Last September, CDI announced the launch of the world’s largest publicly available stem cell bank, the California Institute for Regenerative Medicine hPSC Repository, and the availability of the first 300 iPSC lines. Two months later, CDI signed an agreement with Roche to supply CDI’s iPSC-derived iCell products to contribute to the identification of novel drug candidates at the early stages of drug discovery. Roche has exclusive access to specific iCell products to be employed in high-throughput screening and lead optimization for drug discovery.
Pulmatrix has focused on developing inhaled therapies to address serious pulmonary diseases using its iSperse™ (inhaled small particles easily respirable and emitted) dry powder technology. iSperse is designed to maximize local drug concentrations and reduce systemic side effects.
Pulmatrix’s Pur0200 incorporates a marketed long-acting muscarinic antagonist bronchodilator and is targeted against chronic obstructive pulmonary disease. It is currently being developed in Europe based on pharacokinetics bioequivalence, and a U.S. development program is being planned.
Pur1900 contains a large, complex antifungal compound intended for the treatment of cystic fibrosis (CF) patients. It is estimated that nearly 50% of patients with CF experience pulmonary fungal infections that can cause chronic bronchitis or allergic reactions, resulting in inflammation and poor long-term outcomes.

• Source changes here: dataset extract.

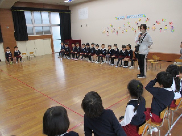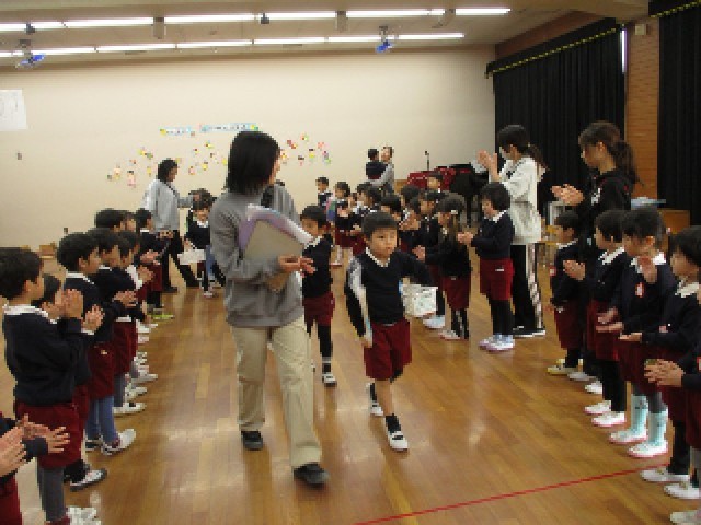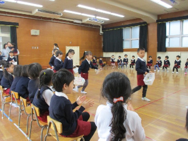 あか組・もも組の子どもたちに拍手で迎えられて入場したそら組さん。

Pur1900 is the first inhaled antifungal product candidate for CF and is in preclinical development.
Pur1500 incorporates a kinase inhibitor with anti-angiogenesis activity for the treatment of idiopathic pulmonary fibrosis (IPF), a progressive and generally fatal disease characterized by scarring of the lungs. IPF causes an irreversible loss of the tissue’s ability to transport oxygen. Pur1500 is intended to suppress the fibrotic pathway at the site of disease in the lung interstitium. The product is undergoing formulation feasibility studies.

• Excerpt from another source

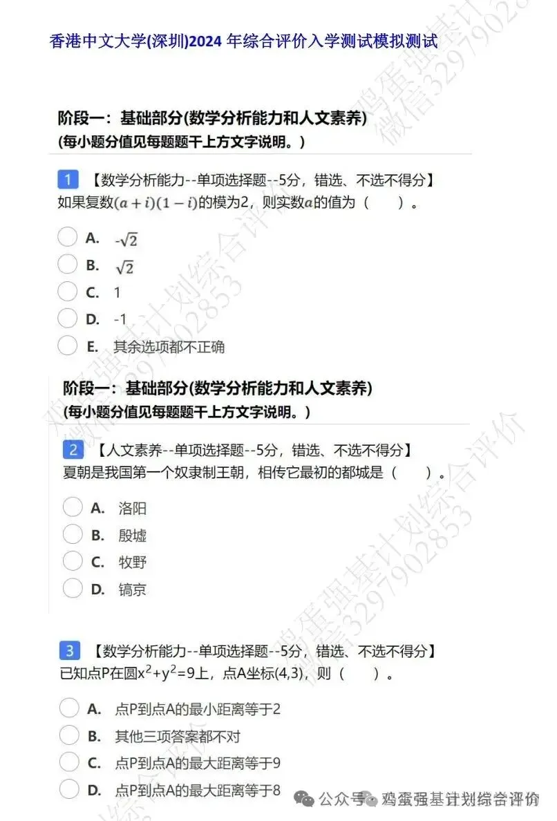 英语是核心:面试全英文,日常练口语、练辩论,积累热点话题英文表达逻辑要清晰:回答分点,先亮观点再给论据,避免泛泛而谈关注院校:熟悉港中深办学特色、学院优势、培养模式,避免答非所问机考不忽视:数学分析、中英文写作是机考重点,提前练题保持手感港中深综合测评 往年真题

In February, Pulmatrix agreed to collaborate with Capsugel to develop novel inhaled therapeutics to treat pulmonary disorders. Capsugel received exclusive rights to manufacture clinical trial and commercial batches of iSperse-based inhaled therapeutic candidates being developed by Pulmatrix and its potential development partners. Capsugel will contribute a combination of its spray-drying process development, scale-up expertise, and commercial manufacturing capabilities.